Look, when I was growing up, I remember having a teacher read us the
Population Bomb, scaring me to death that by the late 1970s, we were
all going to be starving. How many of our kids out there today hear the
propaganda on some of the reactionaries, the folklore about what is
happening out there, that they are going to be in a planet that is
burning up in their late teenage years?
The issues are real, but so are the technology solutions. It turns
out solutions often aren't as elegant as a great speech with lots of
virtue signaling.
I am very proud of the things that are happening out there.
A final bit of this thought experiment is, years ago, we were
blessed--we had a Ph.D. of physics. I think he is now--well, he is at
one of those special agencies that does really complex stuff right now.
But he did a math experiment for us. Methane, in our formula, was
considered 84 times more greenhouse-causing in its first year than
carbon. So, okay, you get 84-to-1.
{time} 1915
He came to me with this math experiment saying, if you could build a
substantial pipeline or multiple pipelines in west Texas and a couple
other large hydrocarbon-producing areas and it was designed to capture
methane and take that methane and pull it in in enough density to
actually convert it to a fuel, and then he had that and a couple other
things, you hit the Paris accord numbers.
Isn't that exciting? How many of our brothers and sisters here are
already saying we need to be building a bunch more pipelines to go
collect that methane so we can capture it, compress it, make sure it
doesn't go into the air--except pipelines are, functionally, part of
the religious process here and need to be opposed.
If anyone is watching, listening, go look this up: photosynthesis, 40
percent. I actually believe this may be the single most disruptive bit
of technology in our lifetimes.
It looks like the inherent problem of plants. You remember all of
your high school biology class where we were told plant cells have had,
for millions of years, a small flaw. Sometimes they really, really want
that carbon molecule so they can make a sugar out of it and, instead,
they grab an oxygen molecule.
Apparently, through synthetic biology, they figured out how to
rearrange that plant cell so it always grabs the carbon. It grows the
sugar, and the plants grow 40 percent more efficient.
Think about that. What would happen if that technology was part of
our commodity crops, our fresh produce, the things we eat. The world
would feed itself for another 250 years. It would mean 40 percent less
land, 40 percent less water, 40 percent less fertilizer.
It turns out, world agriculture produces 2.2 times the greenhouse
gases of every car on Earth. Do you know, if you had this type of
technology as the crops for around the world, it would be equal to
removing every car off the face of the Earth?
And, yes, it is a GMO, because the fix was done through a type of
synthetic biology.
But it would equal removing every car off the face of the Earth.
These are joyful thought experiments, but the technology is real, and
it is here. We have to figure out, as a body, how we adopt these things
that it proves we can grow as a society, we can grow economically as a
world.
My soon-to-be 4-year-old little girl can have an amazing future.
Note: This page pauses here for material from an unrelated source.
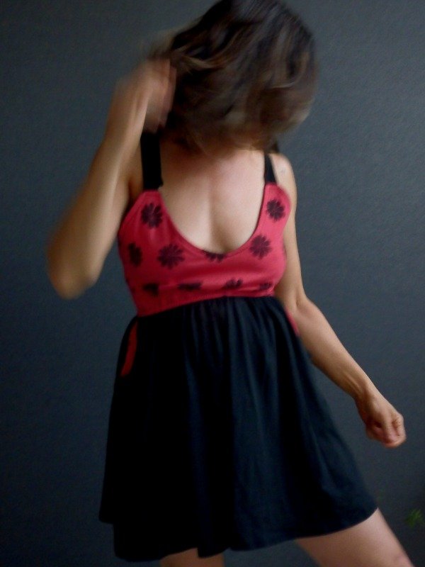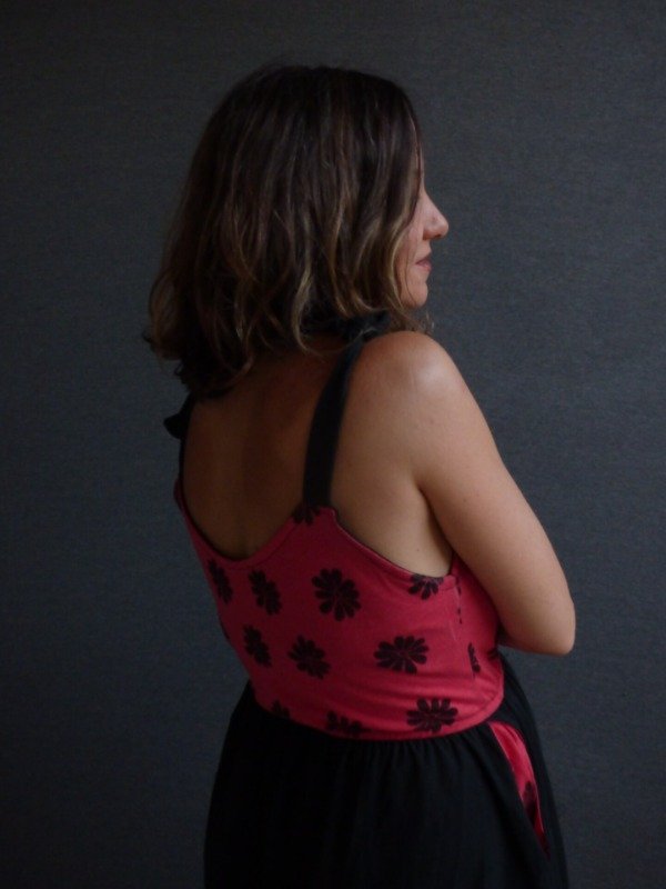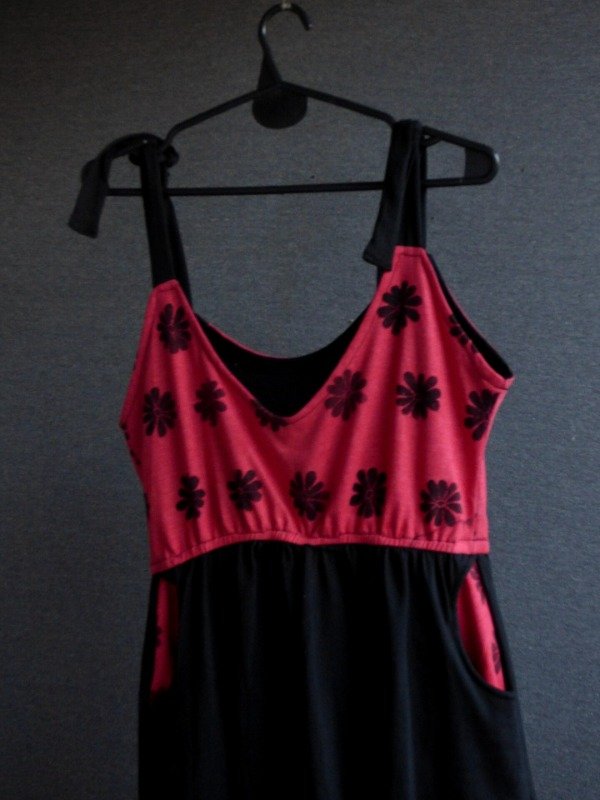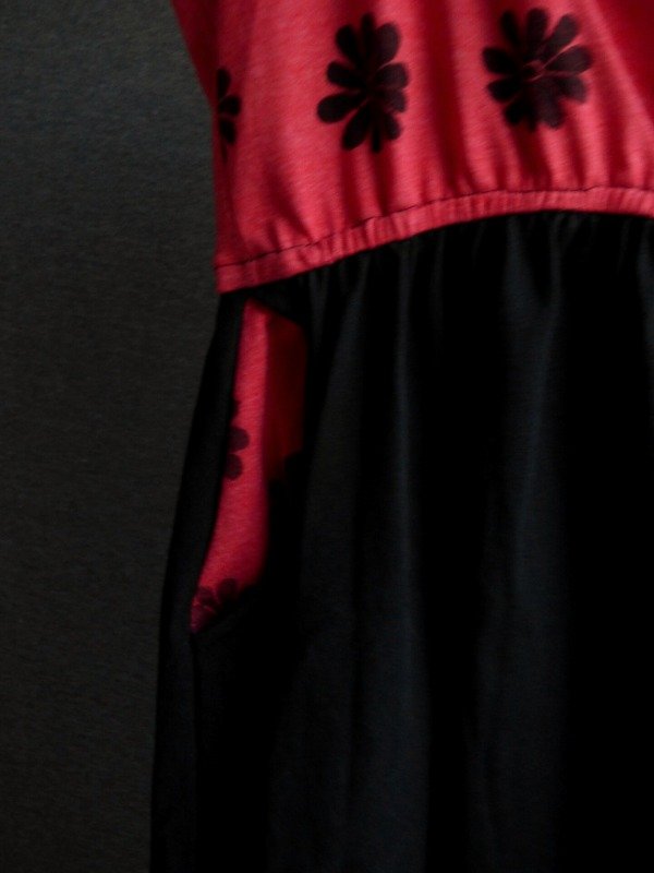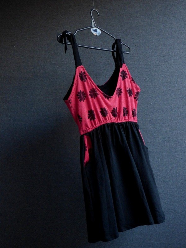 Vestido de largo midi corto, con diseño cómodo y funcional. Presenta un busto en tono rojo con estampa floral en contraste y falda en color negro.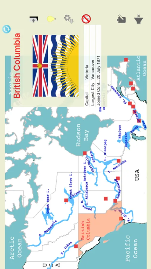 This app is about an interactive map about Canadian geography. Can study the different features of the country. Also a new Quiz mode to test your knowledge

We
don't have to be terrified about the debt cliff that is going to crush
us because we grew. And we can have the amazing clean environment and
deal with the issues of greenhouse gases.
Are we ready to pull our heads out and actually do that crazy thing
of reading and math and understand the technology disruption is in
front of us?
Madam Speaker, are we ready to adopt, embrace the technology
disruption that allows us to grow, prosper, and meet so many of our
goals?
Madam Speaker, I yield back the balance of my time.